初戦の2対2で勝ち、ハイタッチする日本の「ポノススポーツ」のみかん坊や選手(左)と天GOD選手=千葉市美浜区の幕張メッセで2018年12月1日、兵頭和行撮影

 セット2はチームの元気印、ライキジョーンズ選手が1対1で圧倒的な強さを誇るRoyal(ロイヤル)選手に0-2と敗れ、五分に戻された。

 セット3は先鋒(せんぽう)に昨年の「日本一決定戦」で優勝したフチ選手が登場したが敗北。そこから、中堅のライキジョーンズ選手が2連勝と巻き返し王手をかけたが、ロイヤル選手へのリベンジはならなかった。運命の大将戦は、みかん坊や選手がエース対決を制し、準決勝に駒を進めた。

 準決勝の相手は、組み合わせを決める総当たり戦で第1シードを獲得したヴィヴォキード。

 セット1はみかん坊や選手・天GOD(ゴッド)選手が1-2と痛恨の負けを喫した。

 背水のセット2は、高校生プレーヤーのROLAPORON(ロラポロン)選手がエースのJavi14(ハーヴィフォーティーン)選手に0-2と及ばず、ポノスの敗退が決まった。

 試合後、ロラポロン選手は「相手が強くて穴が見つからなかった。会場のほとんどの人たちが応援してくれたので、結果を出して恩返しをしたかったが悔しい」と沈痛な面持ち。フチ選手は「デッキのはやりは世界共通。個人のスキルに差があり、力負けしてしまった」と実力差を認めた。ホームでの大会開催について、みかん坊や選手は「自分たちが勝った時に大歓声が上がり、日本で世界大会が行われていることを実感した」と語った。

勝因はチーム一丸

 第2シードのノヴァイースポーツは準決勝で、欧州代表のスペイン「Team Queso」(チームケィソ)を降したアジア代表の韓国「KING-ZONE DragonX」(キングゾーンドラゴンエックス)を2-1で退け決勝に進出した。

 決勝はヴィヴォキードが2対2の第1セットを先取したが、ノヴァイースポーツが第2、3、4セットを連取し、逆転で優勝を飾った。選手たちは抱き合って喜びを表し、チーム全員でトロフィーを掲げた。
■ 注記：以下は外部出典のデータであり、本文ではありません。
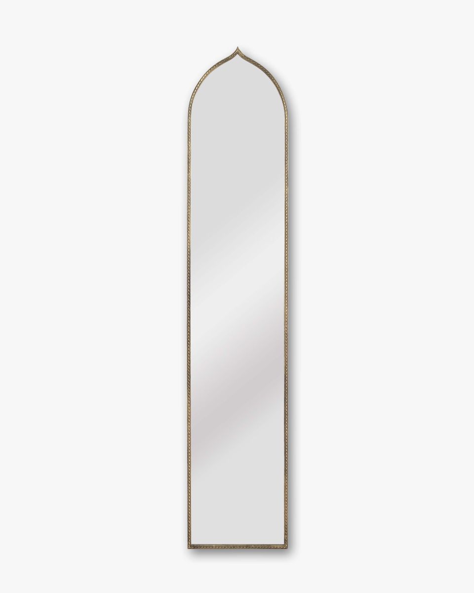 The Rialto Mirror is a statement of graceful design and refined simplicity. Featuring a tall, slender form crowned with a distinctive pointed arch, this piece is inspired by timeless architectural shapes. The textured metal frame is finished in a soft antique tone, adding a sophisticated touch. Perfect for introducing height and light to a space, this mirror’s tall profile makes it ideal for hallways, bedrooms, or dressing areas.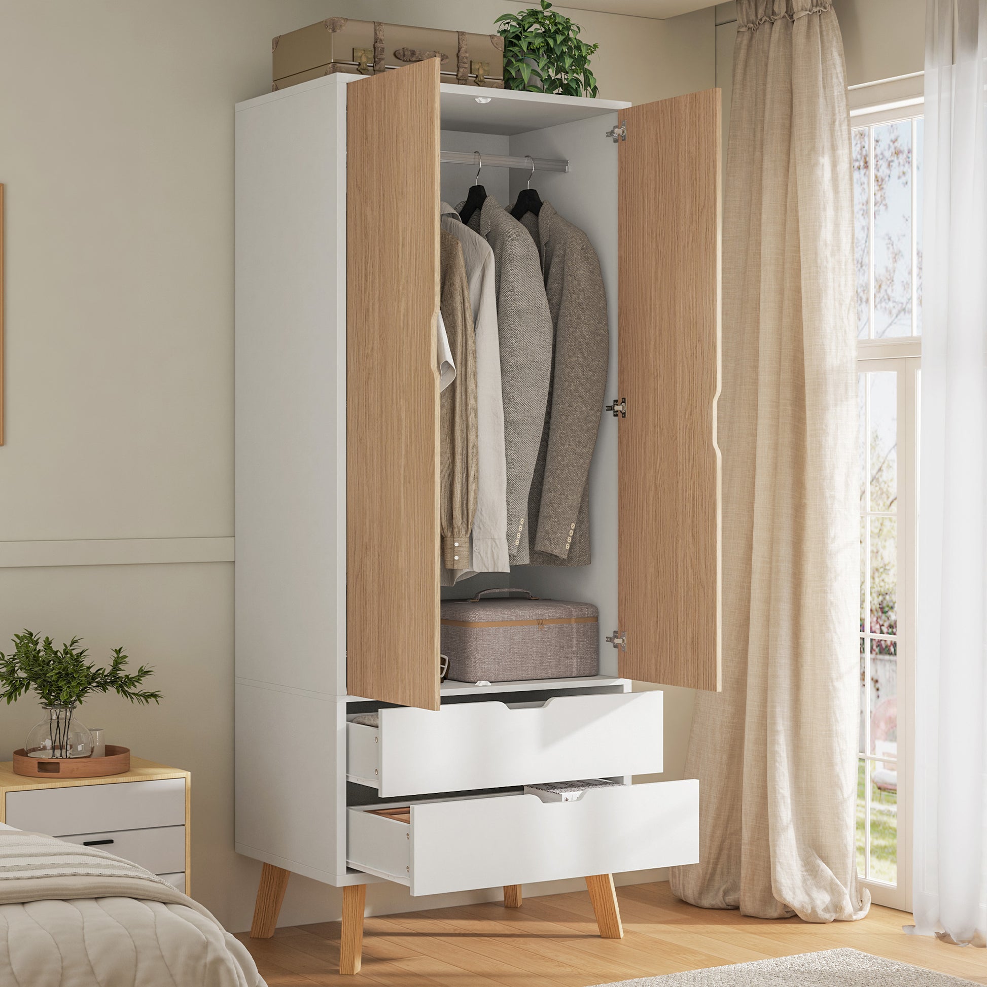 Moderner Design-Kleiderschrank | Weiß & Eiche-Optik | 198 cm Hoch | Inkl. Kleiderstange & 2 Schubladen | Schlankes Raumwunder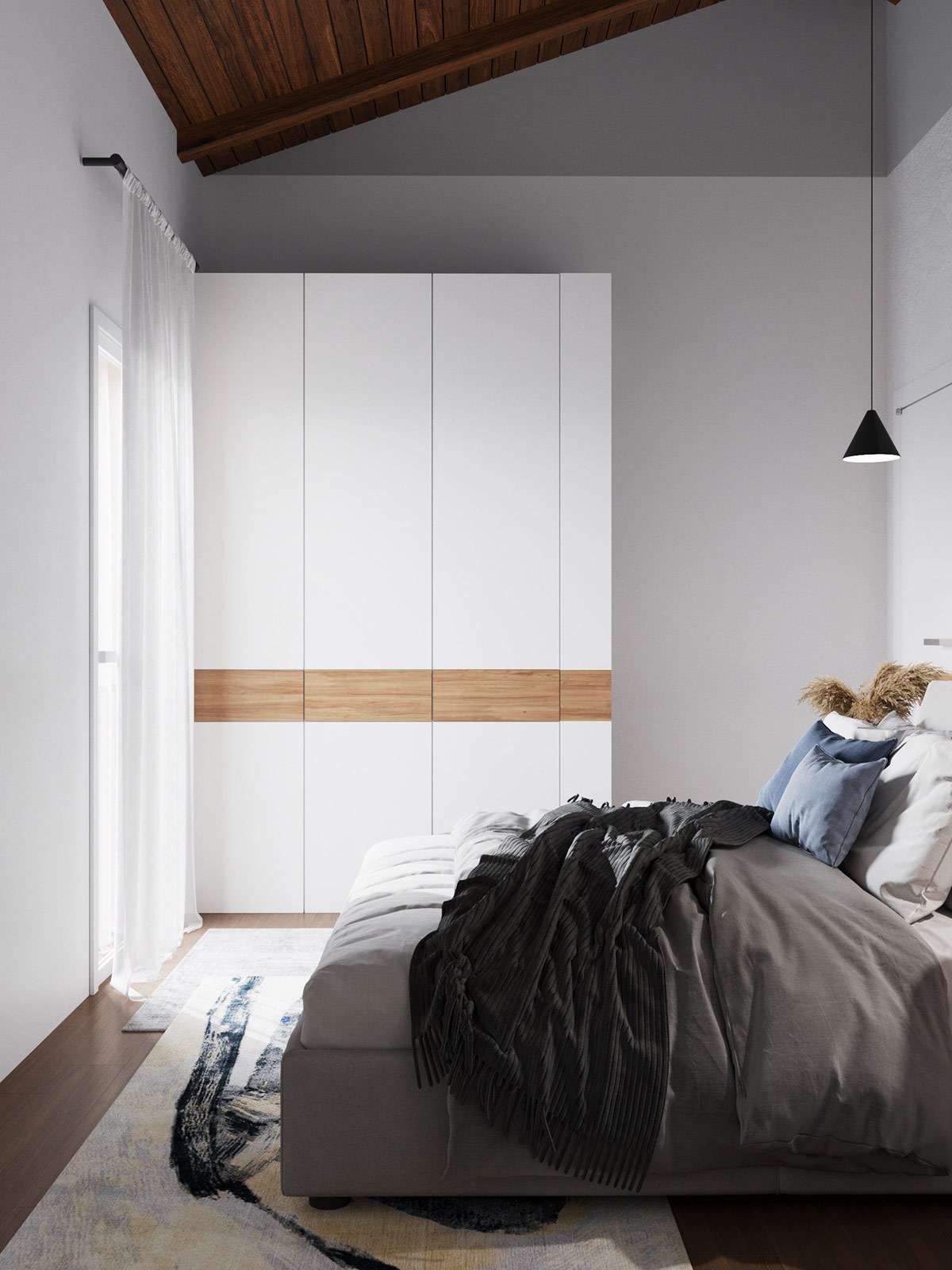 Giá gỗ ngang phía trên giúp căn phòng không còn khoảng trống

 ノヴァイースポーツは世界を席巻するモバイルeスポーツの名門。国内はもちろん、世界中からトッププレーヤーが集まるエリート集団が面目躍如の活躍を見せた。エースのAuk(エーユーケー)選手は試合後のインタビューで「勝因はチーム一丸となっていること。個人個人も強い。監督の指導や練習試合で取り組んできたことも功を奏した。そして、中国のファンの応援のおかげだ」と笑顔を見せた。

 ヴィヴォキードは選手、監督、戦術コーチの3人が渡航ビザの問題で来日できなかったことを感じさせない活躍を見せたが、最後に力尽きた。

「この興奮はプロ野球観戦と同じ」

 世界一決定戦の観戦チケットは発売後、2時間で完売。ファン1000人が熱戦を見守った。
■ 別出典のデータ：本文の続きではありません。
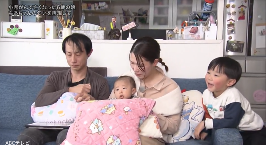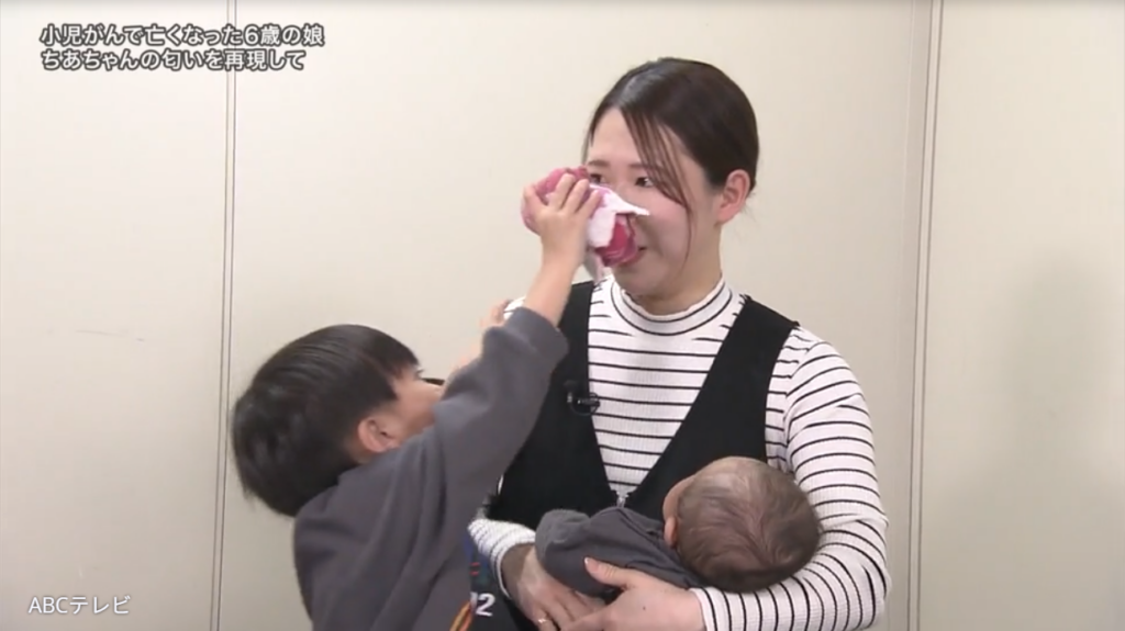 『探偵!ナイトスクープ』(ABCテレビ)に、山口県在住の男性(38)から、娘のちあちゃんに関する依頼が届く。”ちあちゃん”こと娘の「チアキ」は3歳のときに小児がんが見つかり、3年に及ぶ闘病生活を経て6歳で天国へと旅立った。ご両親はちあちゃんの匂いが残っていた枕をビニール袋に入れて保管していたが、2年の歳月によりちあちゃんの匂いが感じ取れなくなってきてしまった…。この夏に次男が生まれ、育児に追われて娘を思う時間が少なくなりそうで寂しいし、何より娘の匂いを忘れてしまうのが怖い。依頼内容は、枕に微かに残っているかもしれないちあちゃんの匂いを再現してほしいというものだ。

 埼玉県から見にきた大学3年生の男性(22)は「eスポーツを生で初めて観戦したが、あの大観衆の中で実力を発揮できるのがすごい。相手の手を読んで先に対処できないと勝てない。プロ選手は技術のレベルが違う」と驚いていた。

 千葉県の38歳女性(プレーヤー名「いきゅ」さん)と神奈川県の25歳男性(プレーヤー名「零りん」さん)は「去年のロンドンで開かれた世界一決定戦を動画で見て、これを日本でやるのは無理だと思っていたが、負けず劣らずですごい盛り上がりだった。特にポノスが勝った時はすごかった。この興奮はプロ野球などのスポーツ観戦とまったく同じだった」と熱っぽく語った。
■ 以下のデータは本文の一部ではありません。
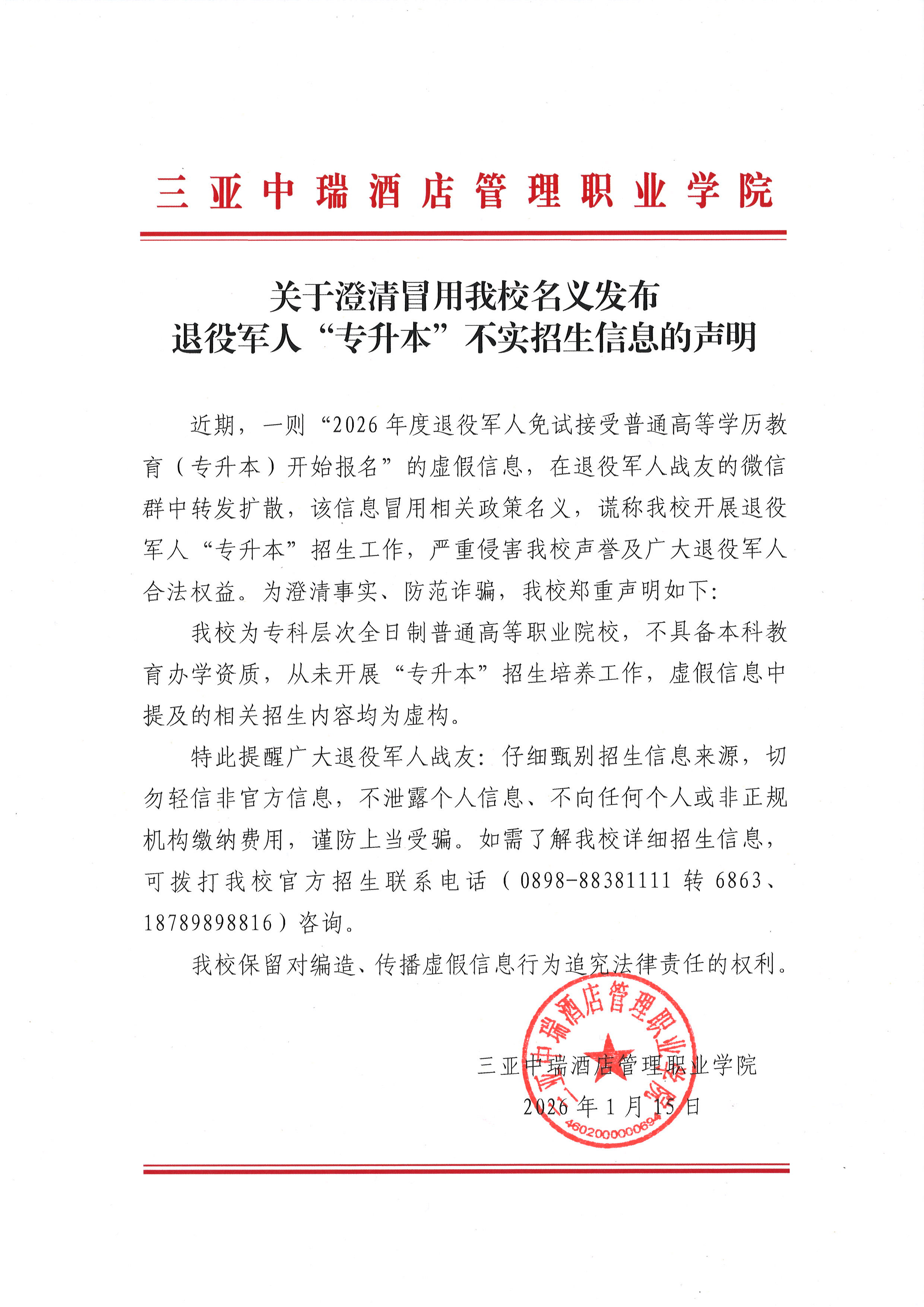 | 来源:三亚中瑞酒店管理职业学院 1210

 大会は8カ国から34のメディアが集まり、6言語で世界同時配信された。実況を担当した岸大河さんは「日本でもここまでできるんだと証明した。グローバルで展開するゲームタイトルの世界大会で、これだけのクオリティーを示したのは、日本の他のeスポーツ大会やプロ選手たちに刺激を与え、これからもっと良い大会が開かれるようになると思う」と振り返った。【兵頭和行、平野啓輔】

クラッシュ・ロワイヤル

 スマートフォンとタブレットで遊べる対戦型カードゲームで、世界中のプレーヤーとリアルタイムで対戦できる。ゲームはプレーヤー同士が自ら選択した8枚のカードを使って、制限時間内に相手のタワーを一つでも多く破壊した方に軍配が上がる。